Le plus souvent servis frais ces boissons sont plus sucrées que la moyenne et possèdent souvent des goûts de Yaourt étonnants.

Tokubetsu

Le terme de Tokubetsu signifie « spécial ».

On l’accole autant aux catégories « Junmai » que « Honjozo » pour indiquer qu’elles ont bénéficié d’un traitement particulier, par exemple un polissage du riz plus important que la norme exigée, ou un traitement particulier durant la fermentation.

Koshu, la vieille garde !

Bien qu'il ne s’agisse pas d’une catégorisation liée à la production, il nous semble important de conclure ce chapitre en évoquant cette dernière appellation recouvrant la notion de « vieux saké ».

Si notre culture du vin tend à faire vieillir nos flacons, cette approche n’est pas très courante au Japon pour le saké. En effet, en vieillissant, le saké tend à « madériser », lui donnant des caractéristiques souvent décevantes.

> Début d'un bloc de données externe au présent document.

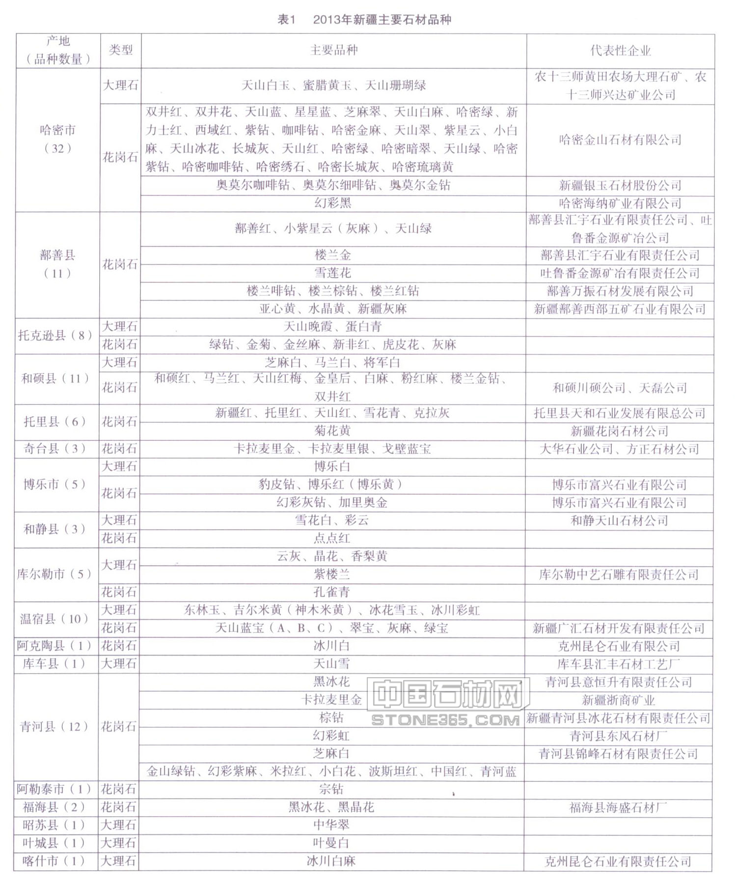 新疆石材多为名贵品种。天山兰、芝麻翠、天山冰花、新疆红、双井红、双井花、菊花黄、鄯善红、卡拉麦里金、咖啡钻、波斯银麻、天山雪莲、天山玫瑰、天山大白花等先后被列为“全国名优特品种”。“天山雪莲”结晶程度高、结构致密、光泽度高、块度大、拼接性能好,颜色、花纹、结构美观均匀、在国内独具一格;“卡拉麦里金”,其色泽高雅和质地优良,可与国际流行的“菊花黄”、“米兰黄”相媲美,深受市场青睐,产品畅销上海、杭州等长三角地区,主要用于高端房地产商用项目的开发;“和硕红”颜色红润,与“印度红”非常接近,属于优质名贵品种,见表1.

Par voie de conséquence, les japonais ont l’habitude de ne pas garder leurs bouteilles très longtemps et donc de consommer leur saké dans l’année.

Pourtant, il existe quelques brasseurs, probablement séduits par l’approche viticole, qui se sont intéressés au processus de vieillissement des nihonshu et qui les préparent dès la fermentation initiale pour offrir un résultat adapté à la garde.

On nomme donc cette dernière catégorie « Koshu ». Souvent riche en bouche, elle mérite le détour même si, effectivement, elle propose une boisson au gout très différent des sakés de l’année, souvent avec un certain fumet.

Inspirée des pratiques occidentales de vieillissement du vin en fût de chêne, il existe une variante au Koshu, nommée « Taru », du nom des tonneaux de saké en cèdre dans lesquels on a l’habitude de stocker le nihonshu. Vous l’aurez compris, un saké « taru » a simplement été vieilli dans un de ces tonneaux.